Comparative profiling of carnitine palmitoyltransferase 1 isoforms reveals vincamine as a selective carnitine palmitoyltransferase 1b inhibitor

This study establishes a robust DTNB-based high-throughput screening platform for comparative profiling of CPT1 isoforms, leading to the identification of vincamine as a selective CPT1b inhibitor and confirming chlorpromazine's activity against both CPT1a and CPT1b.

Original authors: Wong, A., Luo, W., Xuan, J., Gupta, H., Li, M., Natraj, A., Madullapalli, S., Tao, H., Wahng, C., Balan, M., Wu, M., Chen, Z.

Published 2026-05-27
📖 3 min read☕ Coffee break read

Original authors: Wong, A., Luo, W., Xuan, J., Gupta, H., Li, M., Natraj, A., Madullapalli, S., Tao, H., Wahng, C., Balan, M., Wu, M., Chen, Z.

Original paper licensed under CC BY 4.0 (https://creativecommons.org/licenses/by/4.0/). ⚕️ This is an AI-generated explanation of a preprint that has not been peer-reviewed. It is not medical advice. Do not make health decisions based on this content. Read full disclaimer

Imagine your body's cells are like bustling factories that need fuel to keep running. Usually, they burn sugar, but when sugar is low, they switch to burning fat. However, fat molecules are too big to fit through the factory's front door on their own. They need a special "key" to get inside the power plant (the mitochondria) where the burning happens.

This key is made by a machine called CPT1. Think of CPT1 as a security guard at the factory gate. Its job is to attach the key to the fat so it can enter and be burned for energy.

The Problem: Three Guards, One Gate

The paper explains that there isn't just one security guard; there are three different versions (isoforms) of this guard:

  • Guard A (CPT1a): Works mostly in the liver.
  • Guard B (CPT1b): Works mostly in the heart and muscles.
  • Guard C (CPT1c): Works in the brain.

Scientists have been trying to find "stop signs" (inhibitors) to tell these guards to take a break. Why? Because if you can slow down fat burning in specific places, it might help treat diseases like diabetes or cancer. But here's the catch: previous tools were like trying to test three different locks with a single, clumsy key. You couldn't easily see if a "stop sign" was stopping only Guard B or if it was accidentally stopping Guards A and C too. Stopping the wrong guard causes side effects, like a car braking when you only wanted to slow down the engine.

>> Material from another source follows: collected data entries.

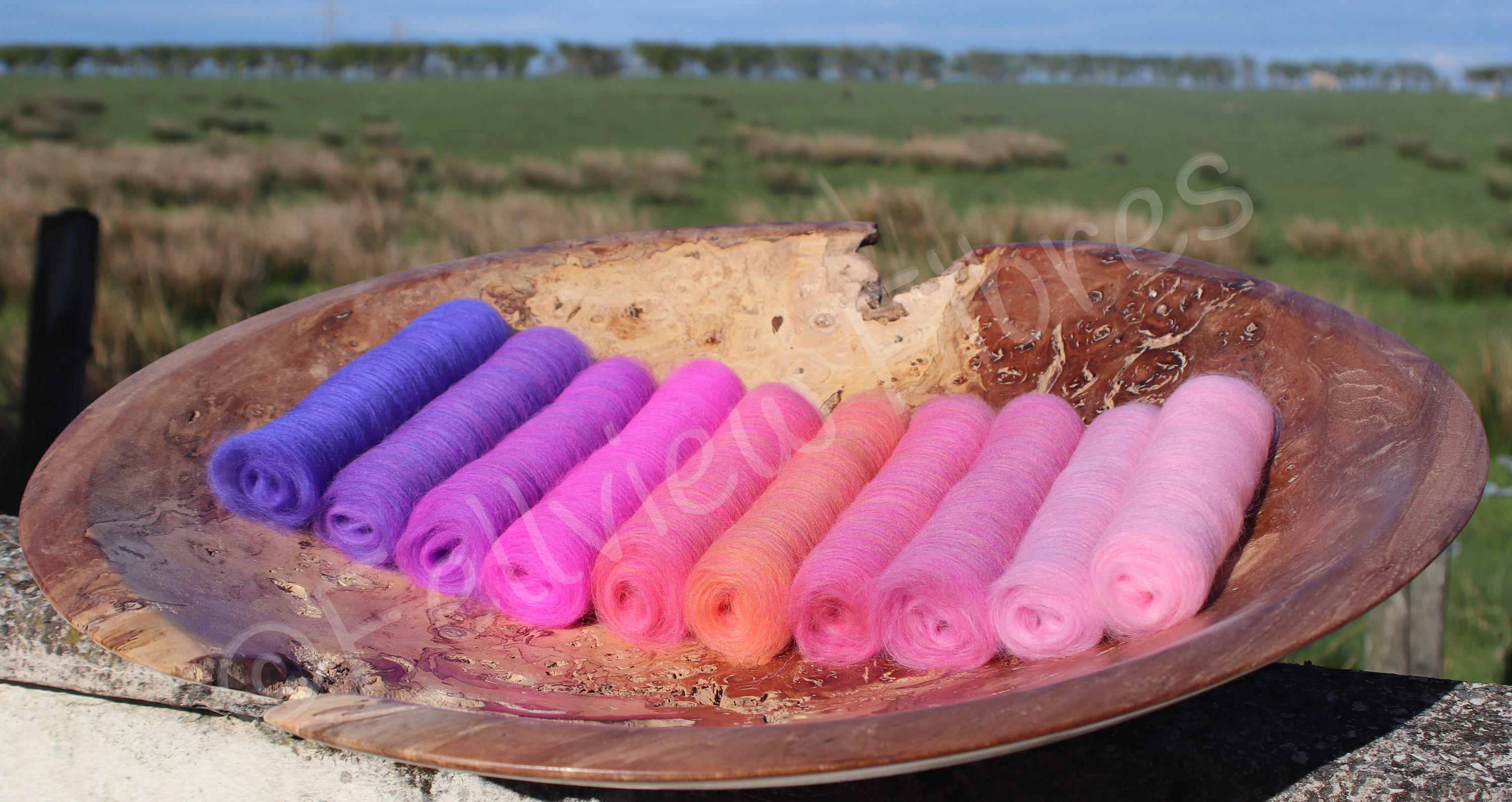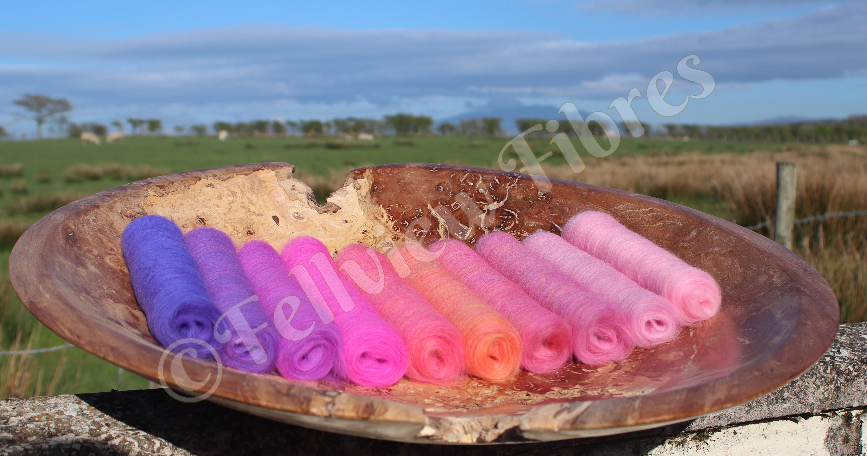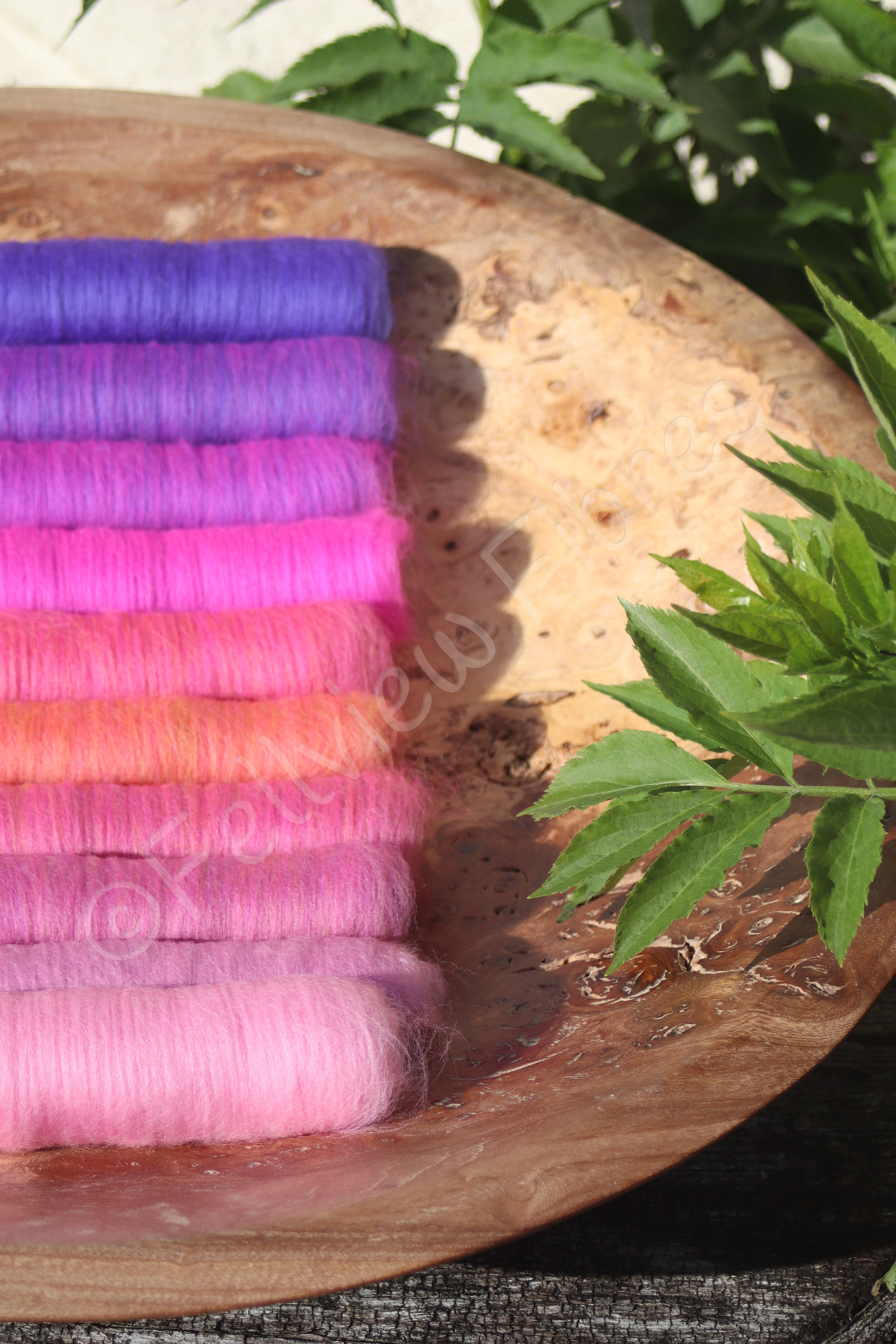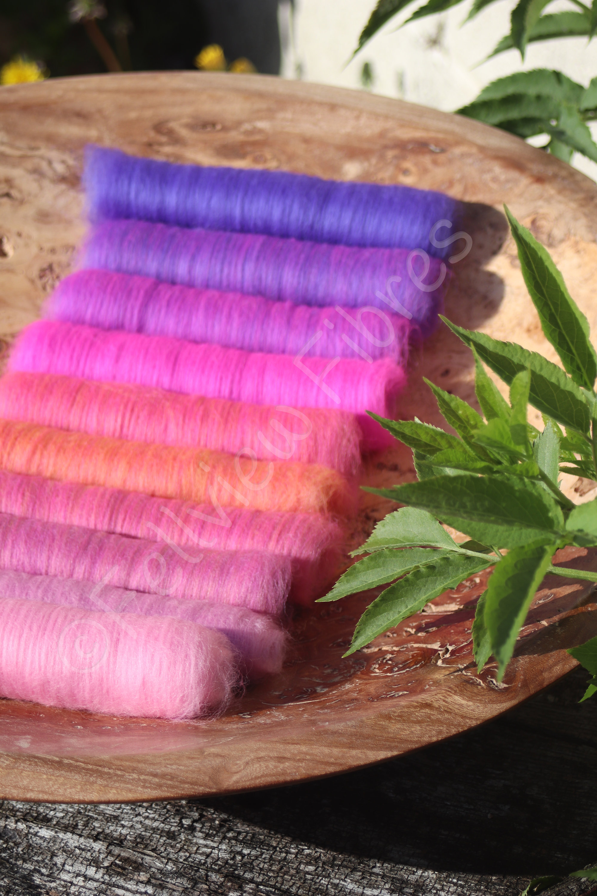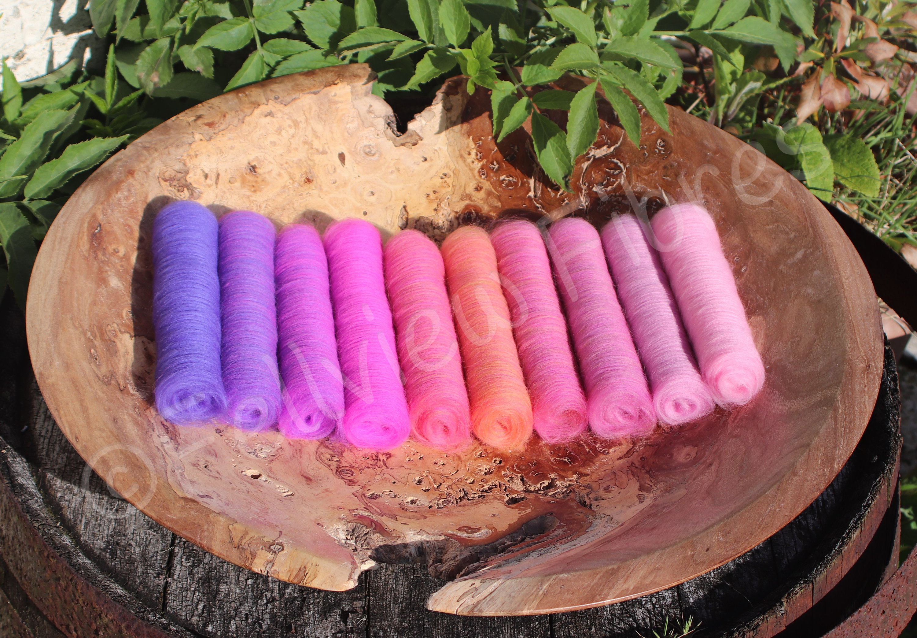 I have eventually produced a gradient made from 10 mini batts of beautifully soft merino fibres. The colours move from a blue violet shade, through pinky lilacs and golden hues to a soft gentle pink.
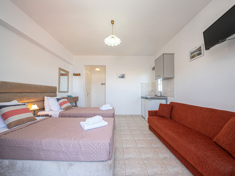 - Reception area with TV, offering the possibility to bring your own drink (since Dimitris Studios do not provide a bar/room service), and enjoy a relaxing time
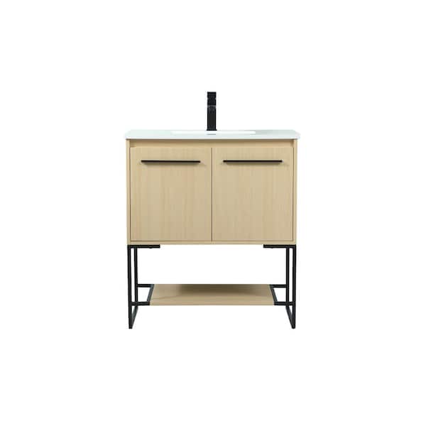 Timeless Home 30 in. W Single Bath Vanity in Maple with Engineered Stone Vanity Top in Ivory with White Basin

The Solution: A Better Testing Lab

The researchers built a new, high-tech testing station. They grew cells in a lab and programmed them to act as factories with either Guard A or Guard B. They then set up a clear, side-by-side test to see how different chemicals affected each guard individually.

They first tested three known chemicals to make sure their new system worked:

  1. (R)-(+)-etomoxir
  2. Perhexiline
  3. Malonyl-CoA

All three worked as expected, proving their new "security guard testing lab" was accurate.

The Discovery: Finding the Perfect "Stop Sign"

Once the system was running, they started screening many chemicals to find one that would stop Guard B (the heart/muscle guard) without bothering Guard A.

  • The Winner: They found a chemical called Vincamine. It acted like a specialized key that fit perfectly into Guard B's lock, stopping it, but it didn't fit Guard A's lock at all. This is a big deal because it means you could potentially target heart and muscle fat burning without messing up the liver.
  • The Surprise: They also looked at a chemical called Chlorpromazine. Before this study, people thought it was a "master key" that stopped all guards, or specifically just Guard A. But in this new test, they discovered it actually stops Guard B as well. So, it's not just a general blocker; it has a specific profile that includes the heart/muscle guard.

The Bottom Line

This paper doesn't claim to have a new medicine ready for patients yet. Instead, it claims to have built a better, fairer way to compare the three versions of the CPT1 guard. Using this new method, they proved that it is possible to find chemicals that stop only the heart/muscle guard (like Vincamine) and clarified exactly which guards other chemicals (like Chlorpromazine) stop. This gives scientists a clearer map for designing future treatments that target specific body parts without causing unwanted side effects elsewhere.